The New York Attorney General’s Office is reportedly looking into ExxonMobil’s accounting practices.

According to the Wall Street Journal, New York Attorney General Eric Schneiderman is investigating why Exxon has yet to writedown the value of its assets despite two years of low oil prices.

An Exxon spokesperson declined to comment on the matter but told the Journal that the company adheres to all rules and regulations.

According to the Wall Street Journal, Exxon is the only major oil firm that hasn’t taken writedowns on the value of its assets following the crude price rout in late 2014.

Exxon officials have previously stated that the firm reduces exposure to potential writedowns by sticking to conservative estimates when booking potential asset values and ensuring projects can operate amid low commodity prices.

Despite the lack of writedowns, Exxon’s bottom line has been squeezed by the commodity price rout.

According to Marketwatch, Exxon fell two spots this year to become the sixth largest U.S. company on a market capitalization basis after its stock price tumbled 3 percent.

Exxon’s market capitalization currently stands at about $356 billion.

ExxonMobil reported a 59 percent year-over-year earnings decline in the second quarter.

The company reported $1.7 billion in second quarter earnings, or $0.41 in earnings per common share, down from $4.19 billion in earnings in the year ago quarter.

Second quarter revenues fell to $57.69 billion from $74.11 billion in the prior year quarter.

Schneiderman’s office is also conducting a probe into whether Exxon misled the public and investors about the potential business impacts of climate change.

Exxon confirmed in November that it received a subpoena from Schneiderman’s office for documents “relating to climate change.”
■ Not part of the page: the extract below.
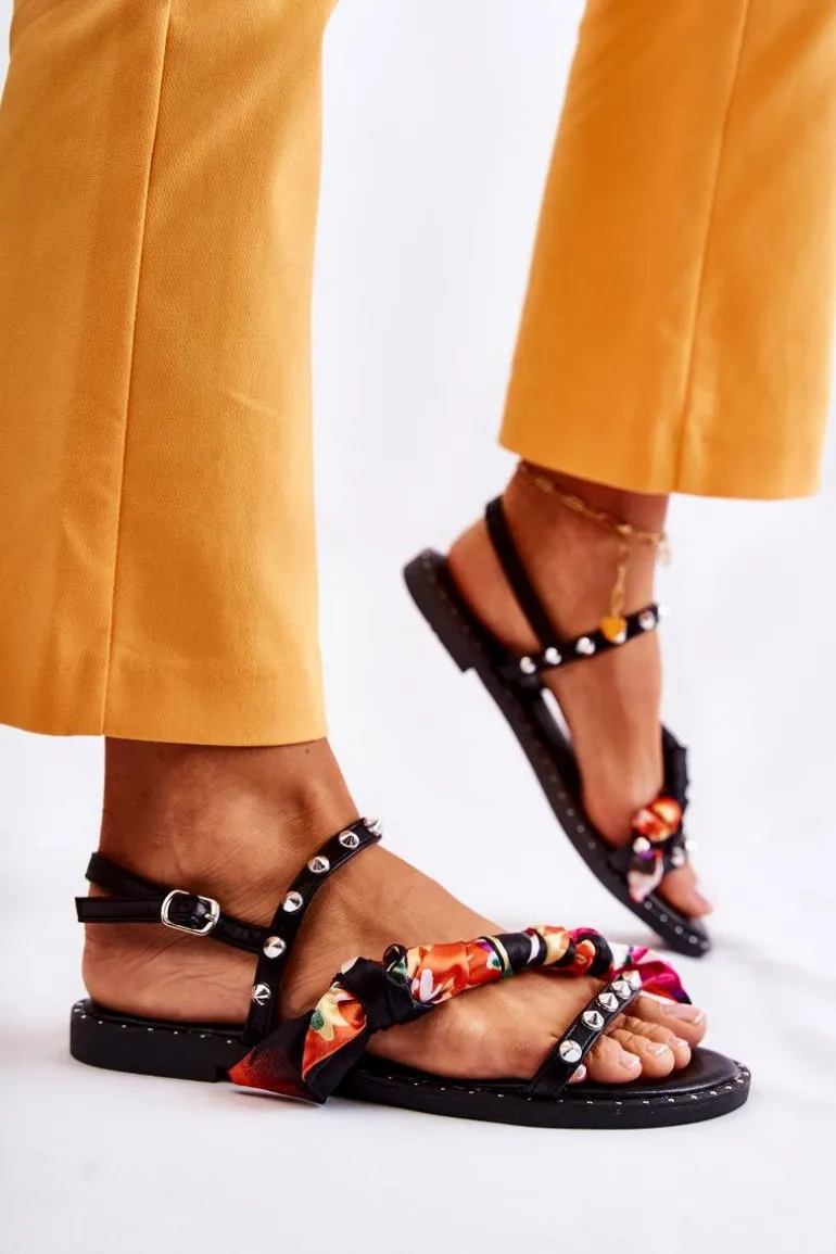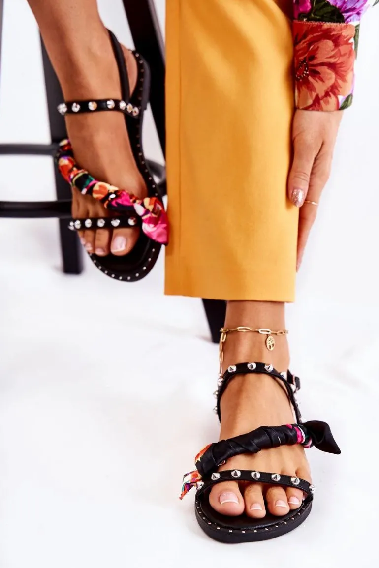 Sandały damskie na płaskim obcasie. Posiadają otwarty, zaokrąglony nosek oraz przyozdobioną ćwiekami podeszwę. Cienkie paski zostały wykonane z eko skóry i także przyozdobione ćwiekami. Model zapinany na sprzączkę z regulowanym paskiem, dzięki któremu możesz je odpowiednio dopasować do tęgości nogi. Dodatkowo jeden z pasków jest opleciony tkaniną w print, którą można zdjąć. Miękka wkładka wykonana z eko skóry. Sandały świetnie będą prezentować się z wieloma stylizacjami! Przy wyborze rozmiaru prosimy kierować się tabelą rozmiarów.

The New York Attorney General’s Office has not commented on the climate change probe.

Exxon has denied any wrongdoing and has noted that it has included information about climate related business risks for many years in its 10-K, Corporate Citizenship Report, and in other reports to shareholders.

Reports of the probe first emerged after InsideClimate News and the L.A. Times published investigations that alleged Exxon used climate data to make operational decisions while working to publicly downplay the science on global warming.

Exxon has denied any wrongdoing had has called the reports “inaccurate and deliberately misleading.”